Introduction
Hepatocellular carcinoma (HCC) is one of the most
frequent malignancies worldwide and is the second leading cause of
cancer-related fatalities in China (1,2).
Resection or liver transplantation are the optimal treatments for a
potential cure (3). Although
advances in early diagnosis, surgical techniques, imaging
modalities and perioperative management have improved the long-term
survival rate in certain patients, the high incidence of
intrahepatic and/or extrahepatic recurrence postoperatively remains
a major challenge in HCC therapy (4).

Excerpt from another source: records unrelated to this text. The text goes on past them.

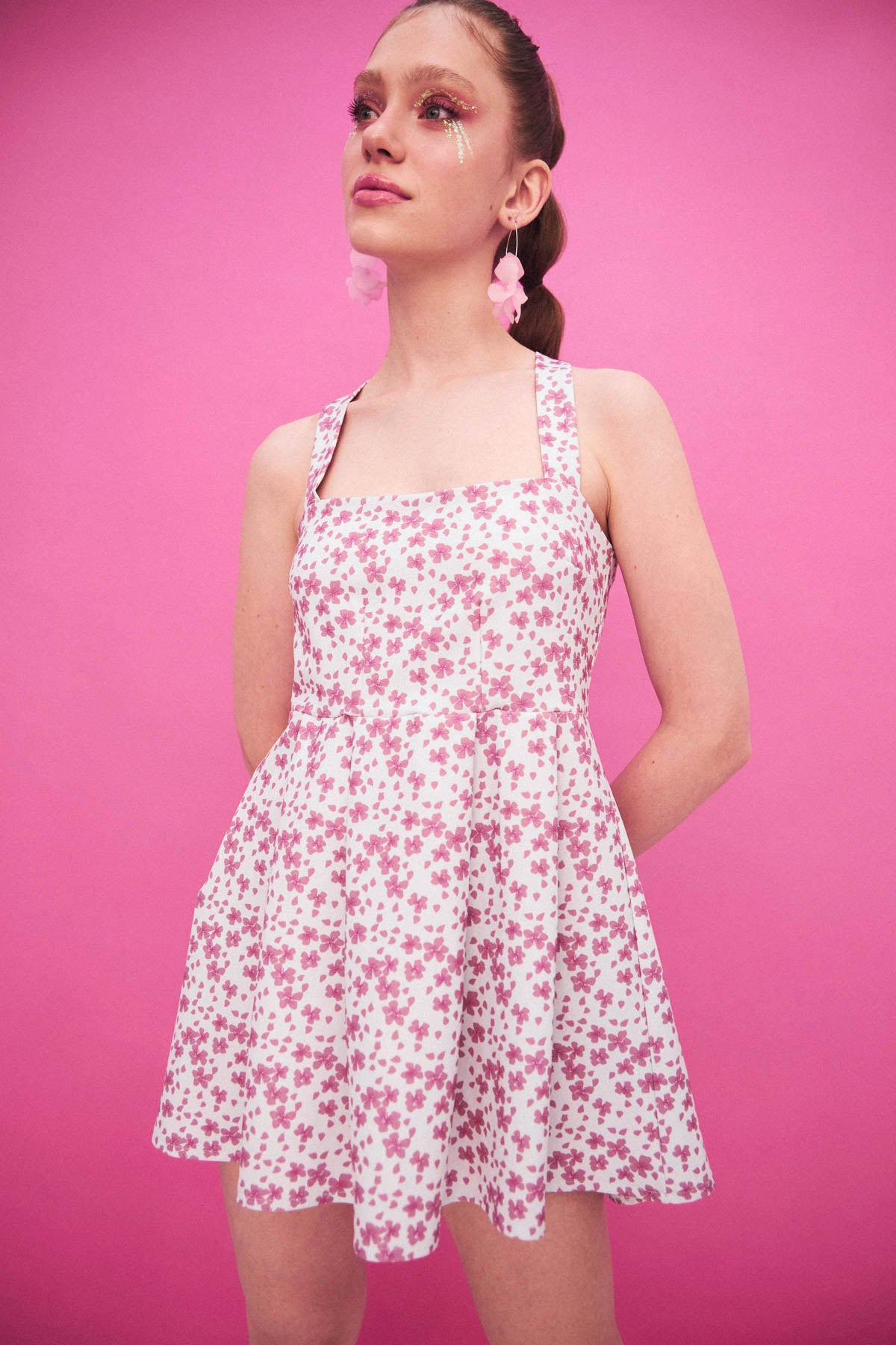 Pembe Çiçek Desenli Sırtı Çapraz Mini Elbise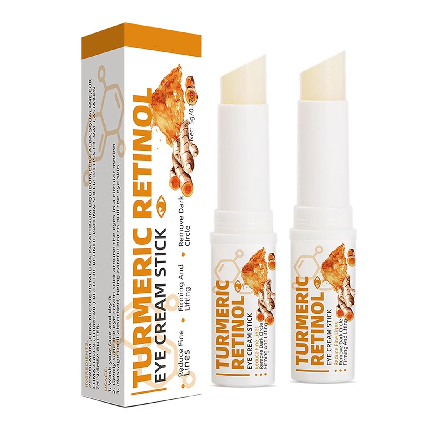 2 PCS Turmeric Retinol Eye Stick,Eye Balm Stick Hydrating for Dark Circle,Wrinkles,Visible Results in 3-4 Weeks,Anti Aging Under Eye,Retinol Eye Cream For Puffiness and Bags Reduces Fine Lines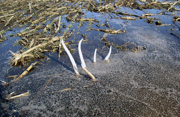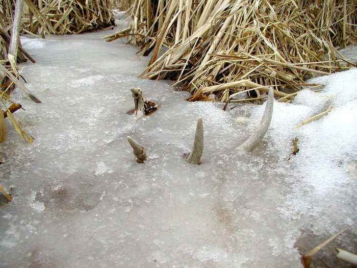 April, 2006. This is a nice batch of shed antlers sent in by a few different friends of Minnesota Bucks. The first antler was spotted from a long distance away and ended up taking third place at the recent Minnesota Deer classic, measuring 80 3/8". Nice tine length on that buck. The third photo is about as nice of a four point shed as you'll see, scoring 64". The next three are some great year old sheds. The last two photos are of the same big six point. Note the hoof print pushing the antler tip further into the snow. A buried shed like that can be tough to spot.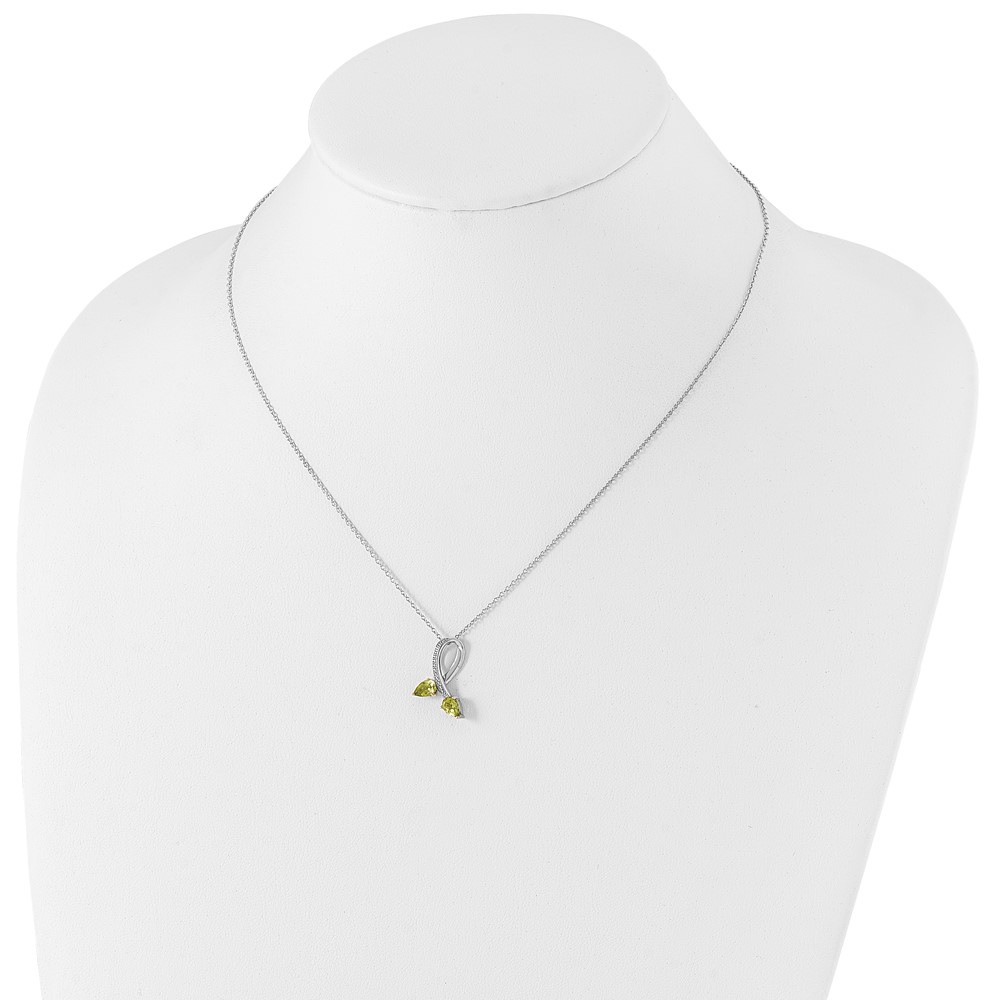 Brilliant Gemstones Sterling Silver with 14K Accent Rhodium-plated Peridot and Diamond 18 Inch Necklace with 2 Inch Extender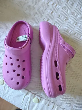Zuecos tipo Crocs de la marca Parfois en color lila, sin estrenar con la etiqueta. Son frescos, cómodos y perfectos para el día a día. - Sin estrenar. - Talla 41 pero calzan pequeño, mejor pensar en una talla 39-40.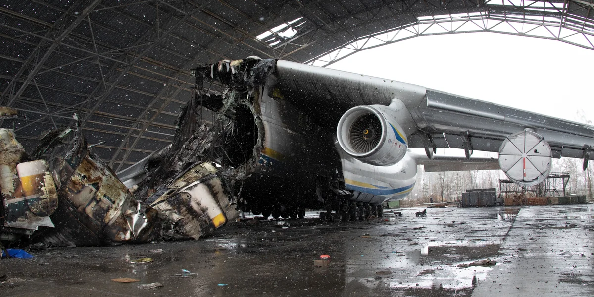 Dieses Flugzeug war immer der ganze Stolz der Ukraine, weil ukrainische Konstrukteure es entworfen hatten. Jetzt ist nichts von ihm übrig geblieben und es kann auch nicht wieder instand gesetzt werden.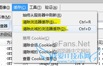 如果希望网页完全重新加载,可以单击开发人员工具栏的菜单,选择“清楚浏览器缓存”命令,或者选择“清除此域的浏览器缓存”,之后再刷新页面,网页就会完全通过服务器进行下载刷新了。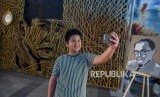 Warga berswafoto di dekat karya seni yang terpajang di terowongan Kendal, Sudirman, Jakarta, Ahad (24/11). (FOTO : Republika/Putra M. Akbar)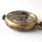 ![]() オリジナリティあふれるお月様の文字盤 ![]() リューズは玉ねぎ型です。 ![]() 味わい深い真鍮のケースが魅力的。 ややザラ感のある、するんとした甲丸ケースタイプ。 ![]() 裏蓋はステンレス。 ![]() ネックレスのように着用したり、バッグに忍ばせたり。 ![]() インテリアとしてもお洒落です。 (写真の革ひもカラーはブラウンです)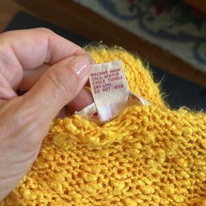 Vintage 80s Sunny Brand (Stein Mart) Golden Yellow Short Sleeve Wide Weave Boucle Acrylic Sweater

Therefore, it is of great importance
to expand the current knowledge of novel diagnostic biomarkers for
early diagnosis or evaluation of metastatic potentials.
A category of tumor-associated antigens, known as
cancer-testis (CT) antigens, has recently been proposed as a new
cluster of liver tumor biomarkers as members of the CT antigens
have been shown to aid in screening and evaluating HCC (5). CT antigens have an expression pattern
that is predominantly restricted to testis in normal tissues,
however, they are expressed in numerous types of cancers, including
melanomas, lung tumors, bladder carcinomas and liver cancers
(6). The present collection of CT
antigens contains 44 distinct CT-antigen families, a number of
which have multiple members, including melanoma-associated antigen
(MAGEA), prostate associated gene (PAGE) and G antigen (GAGE)
(7). In HCC patients, a number of
CT antigens have been found to be expressed with a high percentage
and specificity in tumor tissue or peripheral blood. MAGE-1,
synovial sarcoma X-1 (SSX-1), CTp11 and HCA587 were detectable in
>50% HCC tissue samples and ~90% of HCC tissues positively
expressed at least one member of the CT antigens (8). Additionally, MAGE-1, SSX-1 and CTp11
were also detectable in ~30% peripheral blood samples from HCC
patients (8). Furthermore, SSX-2,
SSX-5, NY-ESO-1 and MAGE-C2 were also frequently expressed in HCC
samples (9–11).
Despite the growing evidence for a link between CT
antigens and HCC, the role of the XAGE family remains poorly
defined. XAGE was identified by ‘homology walking’ using the
PAGE4 sequence. Similar to the majority of the CT antigen
family members, the XAGE-1 gene is located on the
X-chromosome, and it is highly expressed in germ cells and
frequently expressed in several cancers, including Ewing’s sarcoma,
rhabdomyosarcoma, breast cancer and germ cell tumor (12). XAGE-1b, a 470 bp transcript
of the XAGE-1 gene, was first isolated from melanoma
metastases. There are four alternative splicing variants,
XAGE-1a, b, c and d, and of these
XAGE-1b mRNA is dominantly expressed in cancer (13). The open reading frame of this
variant encodes a protein of 81 amino acids (14). Previous studies have shown that
XAGE-1b is frequently expressed in acute leukemia, lung
cancer, gastric cancer and HCC tissues (13,15).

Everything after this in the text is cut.